Reding to be DePauw's next speaker in Kelly Writers Series

Friday, March 5, 2010
Nick Reding

GREENCASTLE -- Journalist and author Nick Reding will be the next next speaker in the Kelly Writers Series, when he gives a reading of his latest book at Peeler Auditorium.

At 7:30 p.m. March 10, Reding will read from "Methland," which has received a great deal of attention and praise since its publication last summer.

"Methland: The Death and Life of an American Small Town" is the story of how methamphetamine infiltrates the small town of Oelwein, Iowa, a town with a population of 6,159 and once a thriving farming and railroad community.

Tracing the connections between the lives touched by meth and the global forces that have set the stage for the epidemic, "Methland" offers a vital and unique perspective on a pressing contemporary tragedy.

The book is a portrait of a community under siege, of the lives the drug has devastated and of the heroes who continue to fight the war. It also probes the complicity of pharmaceutical companies and the country's immigration laws in creating this epidemic.

Now in its seventh hardcover printing, the New York Times bestseller has been widely lauded, reviewed, and referenced.
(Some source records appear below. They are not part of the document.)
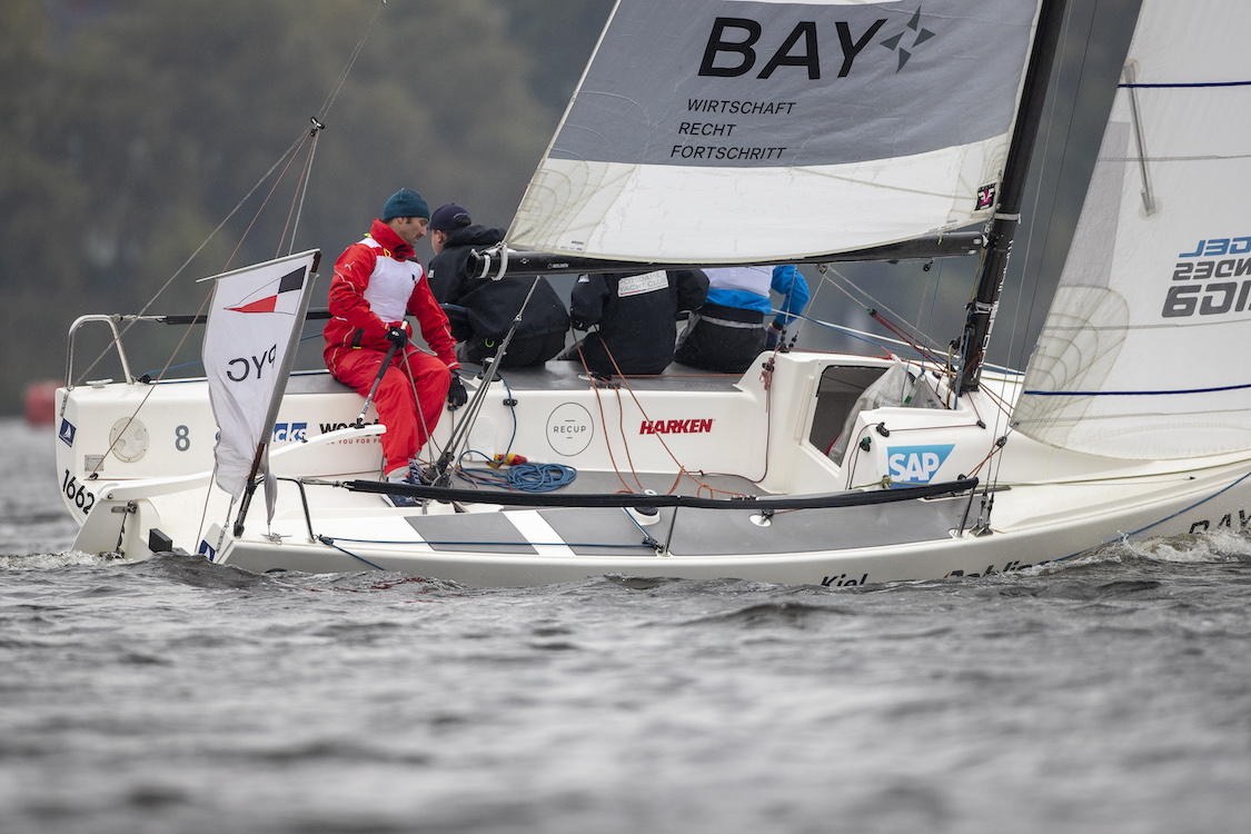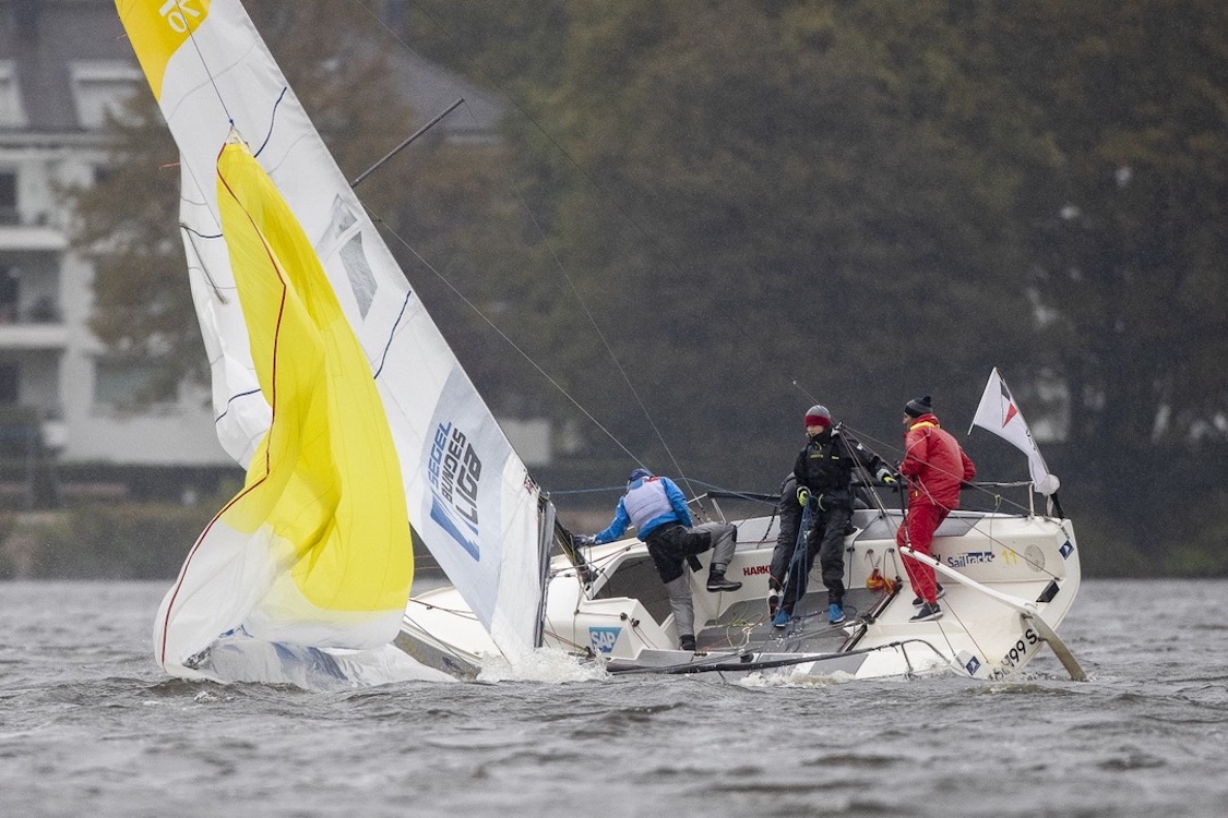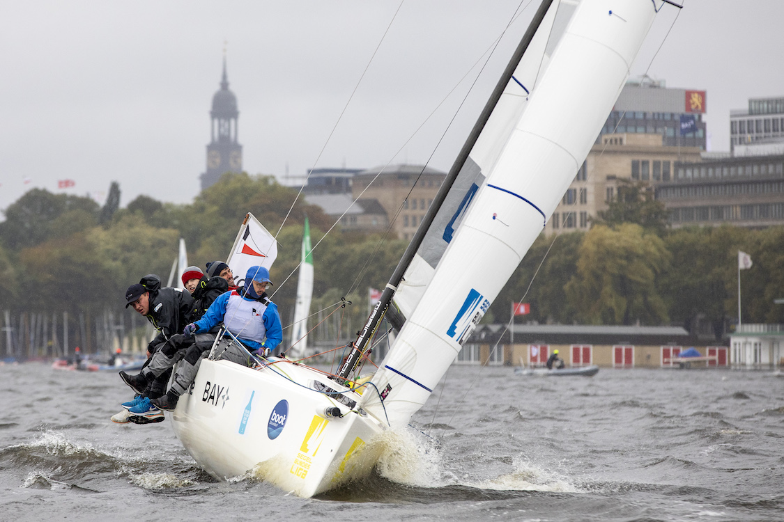 Neben dem Opti Team Cup im eigenen Club und der Berliner Meisterschaft der Internationalen Folkeboote „nebenan" im VSaW, fand die dritte für den Potsdamer Yacht Club unmittelbar interessante Veranstaltung teilweise gleichzeitig, nämlich von Donnerstag, 19. Oktober, bis Samstag, 21. Oktober, in Hamburg statt. Relativ unweit der Ostseeküste gelegen, bekamen die Seglerinnen und Segler auf der Außenalster noch etliches von dem Oststurm mit, der vor allem am Freitag über das Land hinwegfegte. So viele Sonnenschüsse habe sie in der Bundesliga noch nie gesehen, bekannte Anke Nowak, die Geschäftsführerin der Segel-Bundesliga. Selbst routinierte Teams der 1. Liga hätten davon gesprochen, „dass sie ‚eher mit sich selbst beschäftigt waren‘, als sich auf des Rennen konzentrieren zu können.“ (Quelle: DSBL)
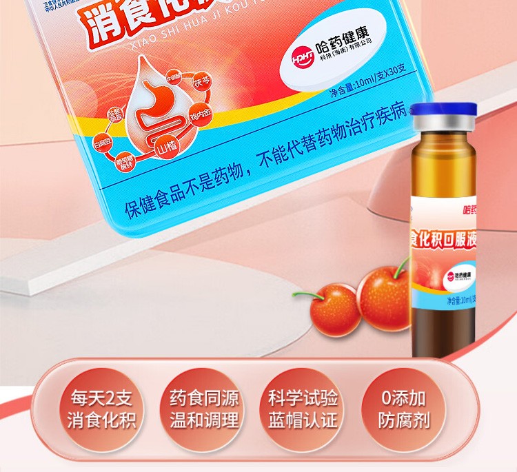 哈药 消食化积口服液 山楂鸡内金 葡萄糖酸锌 儿童促进消化少年 10ml*30支 哈药消食化积口服液30支一盒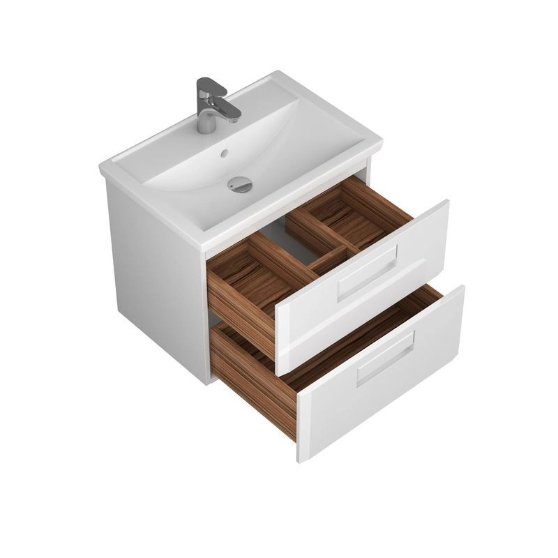 Материал корпуса влагостойкое ЛДСП. Материал фасада МДФ. Покрытие корпуса эмаль. Покрытие фасада эмаль. Цвет белый/глянец .Система хранения с ящиками. Механизм доводчика. В комплекте: крепления/организация пространства.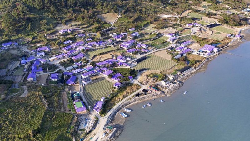 Pulau Banwol memiliki 400 bangunan yang dicat berwarna ungu. (Shinan County Office)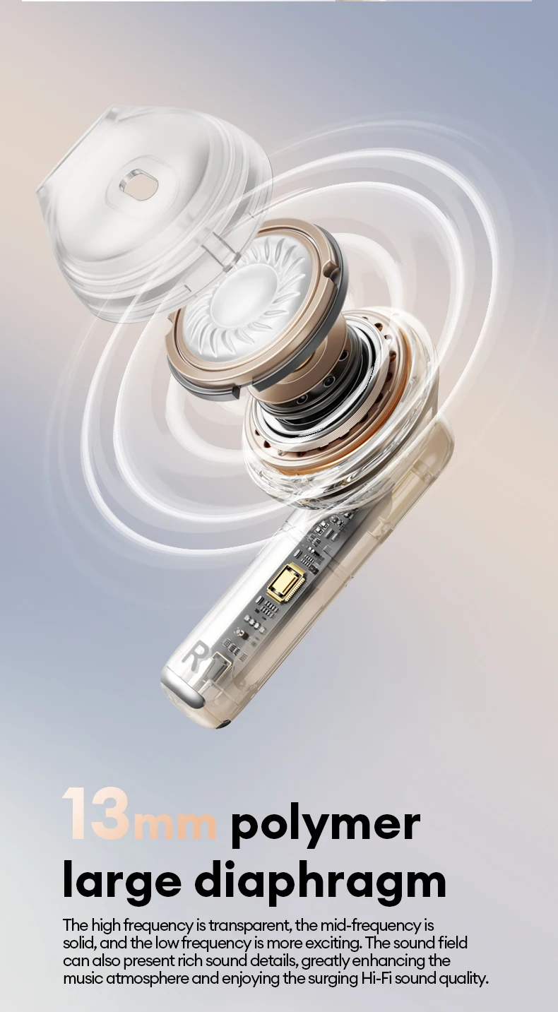 3.[Cámara acústica biónica]:La cavidad patentada inspirada en una ballena profundiza la resonancia de los graves y aclara los medios/altos.La optimización del flujo de aire bioacústica replica la claridad del concierto en vivo con separación de instrumentos en capas.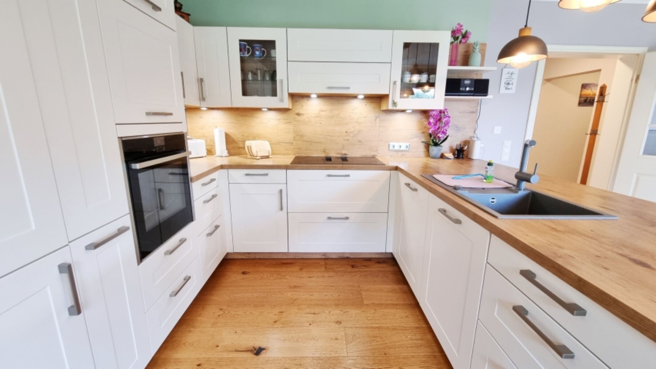 Küche: helle, großzügige Landhausküche / Dunstabzug / Backofen / Geschirrspüler / Toaster / Filterkaffeemaschine / Wasserkocher / Mixer / Kühlschrank / Gefrierschrank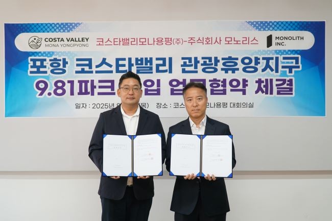 [프라임경제] 포항코스타밸리관광휴양지구(이하 코스타밸리) 개발을 추진 중인 코스타밸리모나용평(대표이사 임학운)과 모노리스(대표이사 김종석, 김나영)는 '코스타밸리' 내 레이싱 테마파크인 '9.81파크'를 도입하기 위한 업무협약을 체결했다.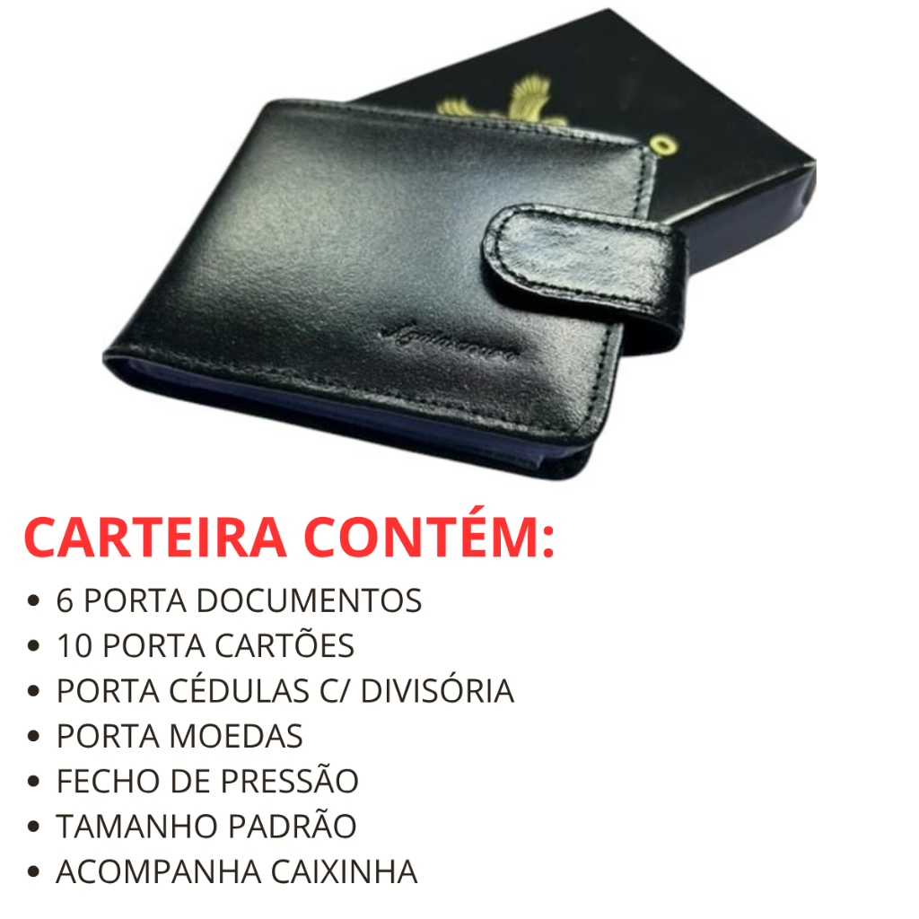 | Carteira Masculina Couro 100% legitimo Premium Porta Cartões Com Fe... este produto | R$ 38,99 | 51% | 4.9/5 | 126 |

Featured on the cover of the Times Book Review and listed among the year's 100 Notable Books, "Methland" won the 2009 Chicago Tribune Heartland Prize.

The Los Angeles Times, the San Francisco Chronicle, the St. Louis Post-Dispatch, the Chicago Tribune and the Seattle Times picked the book as a best book of the year. In January, the British Broadcasting Corporation purchased global movie rights to the book.

Reding's second book, "Methland" was one of the most well-received nonfiction books in the country last year. It chronicles the meth addiction of a small town in Iowa, but in many ways it mirrors the tragedy of meth addiction that has played out all over rural America in the last decade, including small towns like Greencastle.

Presented by the James and Marilou Kelly Writers Series, the program will be in the auditorium of the Richard E. Peeler Art Center and is free and open to all.